Possivelmente, os futuros colegas do Tomás no curso de tradução da Universidade de Aveiro, também não fizeram nem tiveram como disciplina a Matemática, pois vieram da área das Humanísticas e/ou Letras.

Por tudo isto, é caso para perguntar:

- Se este jovem é tratado da forma que está a ser, então o que dizer daqueles que nunca frequentaram o ensino secundário, nem precisaram de fazer exames nacionais para entrarem na Universidade juntamente com ele?

Para o Tomás, aqui deixo uma palavra de apreço, pois tu ainda tiveste o mérito de obteres 20 valores num exame nacional, mais propriamente o de Inglês, o que juntamente com a frequência no ensino secundário, na minha opinião dá-te o direito e o mérito de frequentares o curso superior que pretendes.

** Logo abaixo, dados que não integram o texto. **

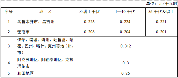 新疆電網(wǎng)農(nóng)業(yè)生產(chǎn)用電目錄銷售電價(jià)表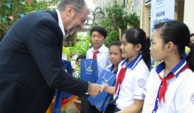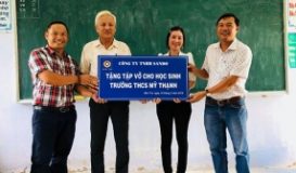 Nhân dịp khai giảng năm học mới 2018 – 2019, Công ty TNHH Sando đã tặng 1.000 cuốn vở cho học sinh Trường THCS Mỹ Thạnh (xã Mỹ Thạnh, huyện Ba Tri, Bến Tre).

Boa sorte Tomás, julgo que a maioria da opinião pública se enganou no alvo, mas tens que compreender, tu deste nas vistas devido à excelente nota que conseguiste no exame nacional de Inglês, o "povinho" é que de imediato tratou de vulgarizar o teu grande feito, o que também é normal nesta nossa sociedade que tanto gosta de viver das aparências.

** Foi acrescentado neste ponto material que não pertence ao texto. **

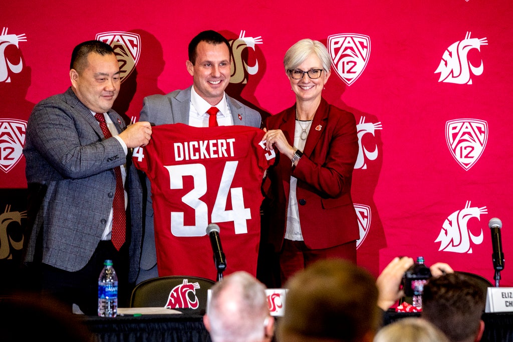 Jake Dickert was introduced Thursday as the new head football coach at Washington State and vowed to “bring the Pac-12 championship back here to Pullman, Washington.”

Tens de perceber que tu és apenas um e por isso é muito mais fácil de "bater", pois aos outros que entraram no Ensino Superior da forma que em cima já explanei, são muitos, e por isso muito mais difícil de lhes "bater", certamente não teria o mesmo impacto, rapidamente seríamos abafados pela multidão.

Um dos vários slogans criados para promover esta campanha comprova esta minha ideia quanto ao número de cidadãos já "formados":

- "Já somos mais de um milhão, mas podemos ser muitos mais!"

Pois muito bem, se o nosso Governo da República entende que esta via de ensino promove tão bons resultados como aqueles que nos quer fazer querer, porque não utilizar este mesmo sistema de ensino com as nossas crianças, adolescentes e jovens que como se diz por aí serão os homens e as mulheres de amanhã, ou melhor ainda serão a garantia de um futuro próspero, rigoroso e competente, eu pergunto:

Com que bases?

Quero lembrar aos nossos governantes que esta medida acima proposta, principalmente num período de crise sócio-económica como nunca se viveu, só trás vantagens, pois desta forma poderia-se poupar em livros, manuais, material escolar e transportes, visto que na maioria dos casos os candidatos só precisam de aparecer duas ou três vezes por mês no centro de novas oportunidades onde estão inscritos para apresentarem trabalhos realizados sabe-se lá por quem, enfim, tanta poupança numa pequena lista de recursos que não são precisos para esta nova via de ensino.


Não me interpretem como um radicalista, pois julgo usar de bom-senso e apenas estou a comentar factos e medidas tomadas à vista de todos, o problema poderá estar na interpretação, mas se juntar-mos a tudo isto que referi uma das últimas medidas governamentais que consiste em acabar com a alternativa do ensino secundário pós-laboral, não me deixa margem para interpretar esta propaganda de outra forma, ou seja, Novas Oportunidades é o caminho a seguir.

Não me vou alongar mais, pois este é apenas mais um caso que mostra bem as desvantagens das minorias, mas provavelmente, é por estas e por outras que gosto de me incluir nelas.

1 comentário:

  1. Concordo com tudo aquilo que este artigo divulga. Porque, o verdadeiro ensino nas novas oportunidades não existe. Existe sim, uma forma de validar os ensinamentos adquiridos ao logo da vida, e as\os professores\as não ensinam, só orientam nos trabalhos propostos….
    Mas o que vamos fazer se no próprio governo, alguns elementos saltaram a cadeira de matemática? Basta ver como está o país ao nível das finanças, é mesmo de quem não sabe fazer contas, lol, lol…
    Queria deixar algumas perguntas no ar:
    - Será que está a ser criado um novo tipo de descriminação social?
    - Será que daqui a alguns anos este tipo de ensino será valorizado pelos nossos empresários?
    - Ou será que no futuro vamos ouvir perguntas sobre que tipo de 12º ano é que se tem?